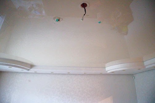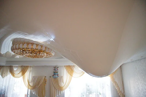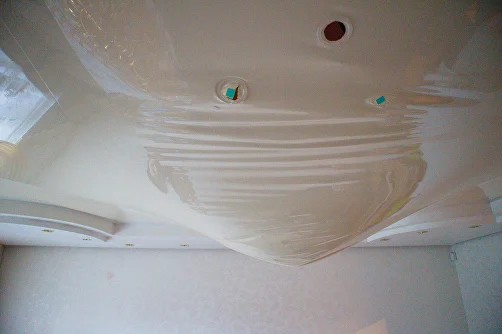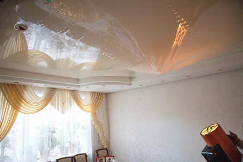 - обесточить квартиру; - сделать четкие снимки для страховой или управляющей компании; - вызвать специалистов из компании «Мастер слив». Нельзя прокалывать провисший пузырь натяжного потолка — материал начнет рваться, и вся вода хлынет в комнату. Не рекомендуется перекатывать пузырь в другое место, а также задевать его стремянкой и дверцами шкафов.
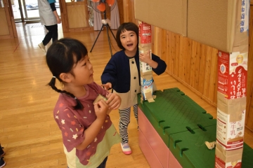 今日は屋内で綱引きをやってみました。引っ張るときのロープの持ち方や腰の落とし方・・・、まずは先生たちの対戦を見せてどこが違うかを考えてみました。よ~く観察していると、わかった子もいて、コツをつかんだようですよ(^^)/ 本番ではどんな体勢で綱を引くかその様子にもご注目ください。
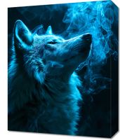 Obraz z serii natura zatytułowany Oddech Wilka przedstawia majestatycznego wilka odsłaniającego głowę ku niebu, otoczonego przez eteryczny, niebieski dym, który wydaje się być przedłużeniem jego oddechu. Sylwetka zwierzęcia jest wyraźna i dynamiczna, a jego futro jest ukazane z niesamowitą szczegółowością, każdy włos wydaje się lśnić w tajemniczym, błękitnym świetle. Dym dodaje kompozycji mistycznego klimatu, a intensywny niebieski kolor sprawia, że całość nabiera głębi i charakteru. Obraz ten doskonale sprawdziłby się jako element dekoracyjny w przestrzeniach inspirowanych naturą, takich jak domowe biblioteki, pokoje relaksu, czy studia jogi, a także jako akcent w nowoczesnych, miejskich loftach dla miłośników dzikiej przyrody i ducha wolności.
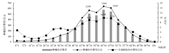 中国肿瘤治疗费用的年龄分布
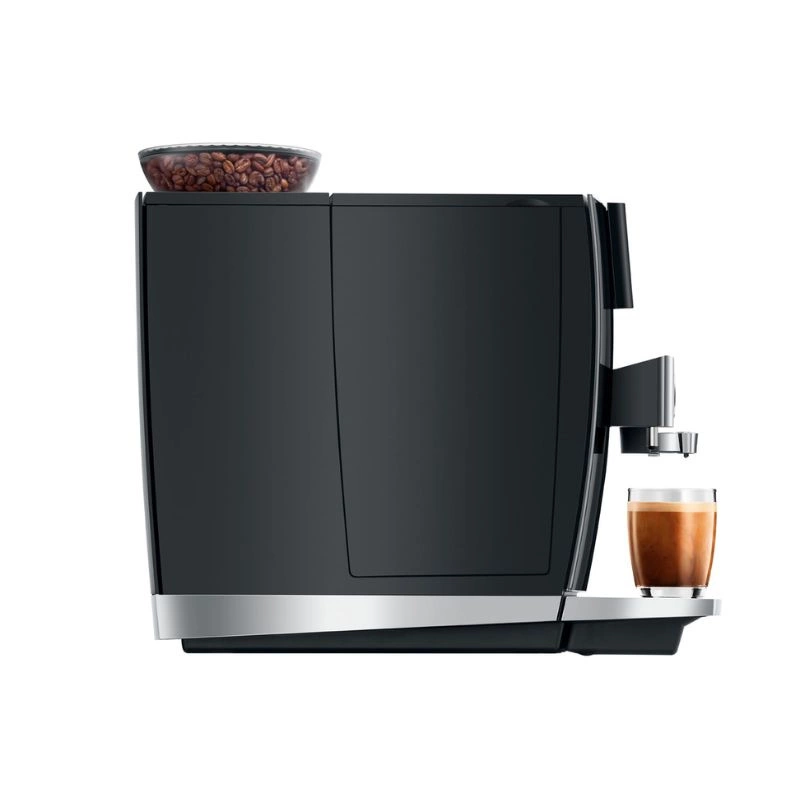 Design mocy i elegancji: ekspres ciśnieniowy JURA GIGA 10 nie tylko zaskakuje swoimi funkcjonalnościami, ale również urzeka designerskim wzornictwem. Kolor Diamond Black, chromowane elementy oraz turbiny pojemników na ziarna sprawiają, że ten ekspres to prawdziwa perełka w kuchni. Dodatkowo, nowa tacka na filiżanki harmonijnie dopełnia całość, tworząc niepowtarzalny wygląd, który przyciąga uwagę i dodaje prestiżu każdemu wnętrzu.
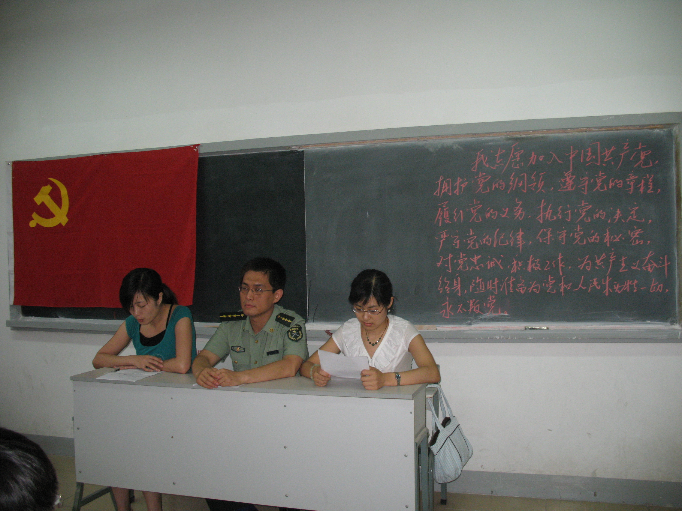 我院2006级研究生党支部第二批预备党员入党宣誓仪式于6月11日19时整在院会议室举行,2006级全体党员和部分入党积极分子参加了会议,济南军区某海防团送学干部、2006级研究生党支部书记王震,支部组织委员张倩,副宣传委员胡静在前排就座。仪式由张倩同志主持。

—————

TASK DETAILS :: Set down exactly and only the lines from the start of the entries above through the line containing "Design mocy i", both ends included, omitting the pictures.

RESULT ::
 - обесточить квартиру; - сделать четкие снимки для страховой или управляющей компании; - вызвать специалистов из компании «Мастер слив». Нельзя прокалывать провисший пузырь натяжного потолка — материал начнет рваться, и вся вода хлынет в комнату. Не рекомендуется перекатывать пузырь в другое место, а также задевать его стремянкой и дверцами шкафов.
 今日は屋内で綱引きをやってみました。引っ張るときのロープの持ち方や腰の落とし方・・・、まずは先生たちの対戦を見せてどこが違うかを考えてみました。よ~く観察していると、わかった子もいて、コツをつかんだようですよ(^^)/ 本番ではどんな体勢で綱を引くかその様子にもご注目ください。
 Obraz z serii natura zatytułowany Oddech Wilka przedstawia majestatycznego wilka odsłaniającego głowę ku niebu, otoczonego przez eteryczny, niebieski dym, który wydaje się być przedłużeniem jego oddechu. Sylwetka zwierzęcia jest wyraźna i dynamiczna, a jego futro jest ukazane z niesamowitą szczegółowością, każdy włos wydaje się lśnić w tajemniczym, błękitnym świetle. Dym dodaje kompozycji mistycznego klimatu, a intensywny niebieski kolor sprawia, że całość nabiera głębi i charakteru. Obraz ten doskonale sprawdziłby się jako element dekoracyjny w przestrzeniach inspirowanych naturą, takich jak domowe biblioteki, pokoje relaksu, czy studia jogi, a także jako akcent w nowoczesnych, miejskich loftach dla miłośników dzikiej przyrody i ducha wolności.
 中国肿瘤治疗费用的年龄分布
 Design mocy i elegancji: ekspres ciśnieniowy JURA GIGA 10 nie tylko zaskakuje swoimi funkcjonalnościami, ale również urzeka designerskim wzornictwem. Kolor Diamond Black, chromowane elementy oraz turbiny pojemników na ziarna sprawiają, że ten ekspres to prawdziwa perełka w kuchni. Dodatkowo, nowa tacka na filiżanki harmonijnie dopełnia całość, tworząc niepowtarzalny wygląd, który przyciąga uwagę i dodaje prestiżu każdemu wnętrzu.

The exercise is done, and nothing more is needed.